Nikolay: in this case to slow down
commits for the sake of this

like reduction of this delay of
this leg I don't know I would

prefer to deal with small lags,
but don't slow down commits.

Yeah.

Michael: that's, I guess that's
remote apply and the default

is on.

Do you ever, Do you see use cases
for remote write?

Nikolay: Remote write is the most
popular.

Michael: Oh really?

Interesting.

Nikolay: Of course, most setups
where synchronous binaries is

non-empty, I see they use remote
apply most of it.

Remote write, remote write.

Michael: Right, that makes more
sense.

Nikolay: So the list like complete,
right?

So, and here we have any issues
because this is super popular

option.

And, oh, by the way, I wanted to
mention that yesterday on Hacker

News, it was the article from Aphyr,
right?

Jepson.

Yeah, Jepson.

It was discussing RDS multi-AZ
clusters, which interesting, like

it's closer to our topic today,
but to understand the article,

you need time.

So we, great, we have remote write
as being very popular.

What does it mean?

The standby node received all data,
but hasn't flushed it yet

to the disk.

It means that if all nodes suddenly
shut down, Only primary will

have this data.

After commit, we know primary,
if commit happens, primary flushed

it, right?

We don't have settings which say,
which let us control the behavior

of commit on standby nodes, but
on the primary, it's not flushed.

Like if we have remote write on
or remote apply, it means in

any of these cases, disk on the
primary has all data from this

transaction, right?

So it's like it's already, it's
not off at all already.

It's not off.

And imagine we all know this appeared
on the primary has this

data because a standby since it's
remote right is not guaranteed

this might miss this data and this
yeah this transaction might

be lost And this is okay.

Okay.

But in case we lose the primary
completely, we lose data.

Right?

We lose data here.

Yeah.

But we lose data only if all nodes
are shut down.

Usually when we use the primary,
standby nodes are not shut down.

Unless something like...

Yeah, yeah, yeah.

So Let's say the loss of primary
is our like corner case, not

corner, edge case.

But loss of primary and standby
nodes are not lost but shut down,

it's like kind of very very corner
case, so several edges like,

So several problems simultaneously.

So usually they're still running.

That's why remote write is so popular
because it says, okay,

we lost the primary.

We need to perform auto failover
or manual failover, usually

auto failover.

And standby, 1 or 2, or how many
you configure, of those standby

nodes, pair the setting, pair standby
commit equals remote, right?

They have it in memory.

And they're still running, so they
will flush it.

So the risk is good here.

I mean, risk is understood.

Like loss of primary and all, everyone
is shut down suddenly.

But it's so low, so we can accept
it.

And say it still feels like
synchronous_commit to me because

I doubt when we lose primary standby
node which received but

not yet flushed this whole data,
it will be suddenly off.

It will be running, right?

And we don't lose this data.

This is great.

This is why it's so popular.

But it's great.

Except it's not.

Because if auto failover needs
to happen, it's very rarely, like

sometimes people allocate like
CrunchyBridge or RDS, not multi-AZ

cluster, but multi-AZ standby.

Now there are 2 options.

And multi-AZ standby means there
is synchronous standby only

serving HA purposes.

You cannot send queries to it.

Crunchy Bridge has the same, like,
not the same, not the same.

They use Postgres replication to
solve this.

Exactly, they configure synchronous_standby_names.

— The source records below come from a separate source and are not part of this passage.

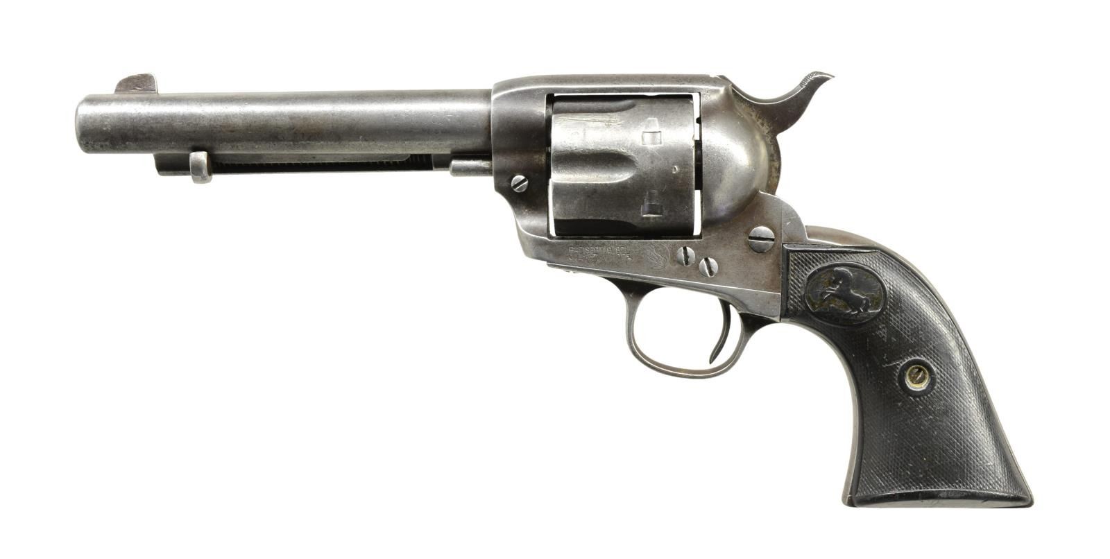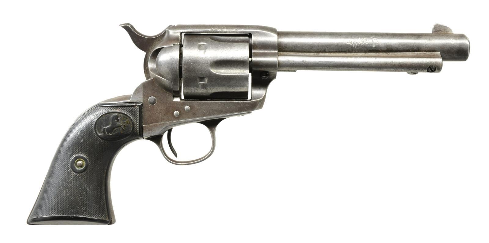 Cal. 38 WCF. S# 315153. Bbl. 5 1/2" w/ blade front sight. 6 Shot fluted cyl. Frame, trigger guard & backstrap have matching S#. 2 Piece checkered hard rubber Rampant Colt grips. 1910 Mfg. UNATTACHED ACCESSORIES: 2 - 50 rd. full boxes of Ultra-Max 38-40, 180 gr. rnd. nose. CONDITION: metal has faded gray appearance showing spots of corrosion & light pitting w/ series of light dents on right side of top strap & bbl. Grips show heavy wear. Bore has dark frosted appearance w/ light pitting & worn rifling. (21-2674/DS). CURIO. $1,000-1,500.
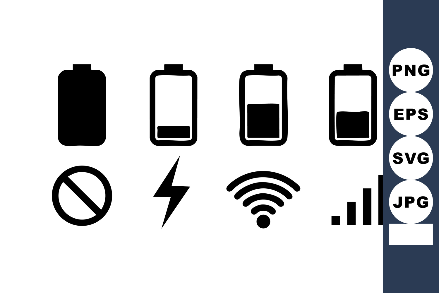 Battery Icons Set Charge Power Signal Strength Vector example image 1
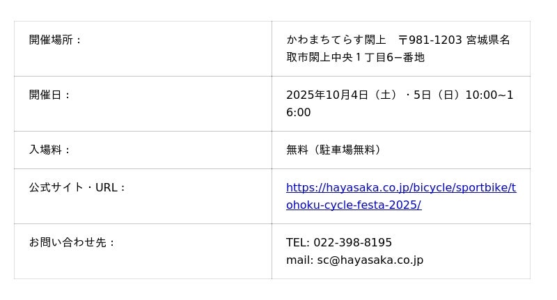 自転車・オートバイを販売および修理する「ハヤサカサイクル」を運営する株式会社早坂サイクル商会(本社:宮城県仙台市、代表取締役:早坂 武)は東北最大級のスポーツサイクルフェスティバル"東北サイクルフェスタ2025 in かわまちてらす閖上"を、今年も10月4日(土)・5日(日)名取市閖上地区のかわまちてらす閖上(ゆりあげ)にて開催する。

And they set synchronous_commit
to very weird value, we will

discuss it.

But the idea is HA replica doesn't
receive traffic, it serves

only for HA purposes.

Great.

But in many other cases, people
use like, they say this quorum

commit, 1 or 2 additional nodes
must say data is received.

Remote, right?

And in this case, if we lose the
primary, auto-failover will

happen to where?

To 1 of these nodes which received,
right?

But the problem is, For example,
if it's Patroni, Patroni cannot

choose this node, because there
is no such capability to find

which...

Like we have, again, we have 5
replicas, for example, 5 standbys.

We know 1 of them received latest
settings.

How to find this?

Michael: At least, yeah.

Nikolay: There is no such capability,
doesn't exist.

Because this pg_last_receive_lsn,

But it has the wrong name because
it shows pg... it shows flush

LSN.

It's a bug.

Oh, a bug or feature, I don't know.

So this is a problem.

And this is like if Patroni uses
that I think it uses that it

chooses the node which received
like which flushed LSN with

maximum value and this might be
different no Yeah

Michael: So but so with that in
mind I guess it's then an acceptable

risk, or that's why it has some
data loss.

But why not use on in that case?

Nikolay: Because it will slow down
commits.

Michael: OK, that's, yes, the trade-off.

Nikolay: We distribute our nodes
among various, multiple AZs,

availability zones, right?

And there is network overhead.

Michael: Yeah, well, Interestingly,
I checked before coming on

with our own Google Cloud SQL setup,
and I wondered what our

setting was, and it was on.

So either they haven't...

I'm pretty sure...

But yeah, it's interesting that
they could have chosen to set

it to remote.

Nikolay: And synchronous_standby_names
is non-empty?

Michael: I didn't check.

It's a good question.

Nikolay: If it's empty, you have
pure asynchronous application.

This is it.

Like, this is it.

Like, I Honestly, it concerns me
a lot how overloaded values

and names here.

On means different things depending
on different settings.

Why?

Maybe We are trying to save on
the number of configuration settings,

GUC names, not to expand it too
much.

Okay, 300, but let's not to expand
it to 500, right?

But this causes pain in brains,
like people are using this.

So if it's on, okay.

Is it?

Michael: No, you're right.

Nikolay: It's asynchronous.

Michael: No synchronous_standby_names

Nikolay: Yeah, yeah.

So it waits for flush only on the
primary.

Michael: Yeah, so that's basically
just local.

Nikolay: Yeah, yeah, yeah.

Good.

Yeah, so there's this problem,
it's unsolved.

It should be solved in Postgres.

It should be solved in Postgres
and I think it's not super difficult

to solve so we need a function
which will show write LSN or receive LSN.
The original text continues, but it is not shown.